Required work:
Nothing but text lines should be duplicated: start with the first line of the listing below and stop after the line holding "If you want", omitting pictures.

━━ Given information ━━

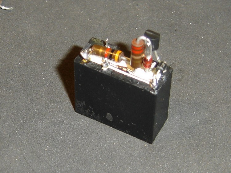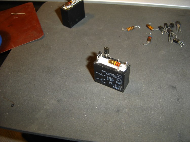 Un paso a paso de armado de la protección sobre un mini relé. La protección esta destinada a una fuente de 10 amperes, y el primer resistor que se suelda está destinado a facilitar el armado, proveyendo un soporte para la masa del circuito. El valor de dicho resistor no es crítico, e incluso podría usarse un capacitor que oficie de puente aislado. El relé, como varios de los componentes, fueron obtenidos de circuitos de rezago, dado que casi ningún valor es crìtico, a exepción del Zener de 15V. |
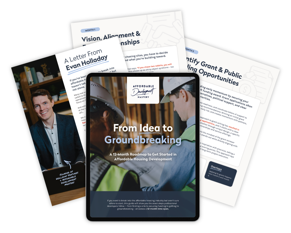 If you want to break into the affordable housing industry but aren’t sure where to start, this guide from Evan Holladay will show you the exact steps affordable housing developers follow — from finding a site to securing funding to getting to groundbreaking – all across a 12-month time span.
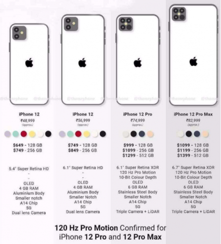 其他方面,根据此前曝光的消息,全新的iPhone12系列均将延续刘海全面屏设计,并标配OLED屏幕,采用类似iPhone 4的纯平中框,两款Pro版本将具有10位的颜色深度和120Hz刷新率。全系均搭载基于5纳米工艺制程打造的A14处理器,支持5G网络。此外,该系列新机还将延续前作的方形相机模组,其中,两款iPhone 12系列配备后置双摄,而两款iPhone 12 Pro系列则将配备后置三摄,且顶配版还将搭载LiDAR传感器。

━━━

Exercise output:
 Un paso a paso de armado de la protección sobre un mini relé. La protección esta destinada a una fuente de 10 amperes, y el primer resistor que se suelda está destinado a facilitar el armado, proveyendo un soporte para la masa del circuito. El valor de dicho resistor no es crítico, e incluso podría usarse un capacitor que oficie de puente aislado. El relé, como varios de los componentes, fueron obtenidos de circuitos de rezago, dado que casi ningún valor es crìtico, a exepción del Zener de 15V. |
 If you want to break into the affordable housing industry but aren’t sure where to start, this guide from Evan Holladay will show you the exact steps affordable housing developers follow — from finding a site to securing funding to getting to groundbreaking – all across a 12-month time span.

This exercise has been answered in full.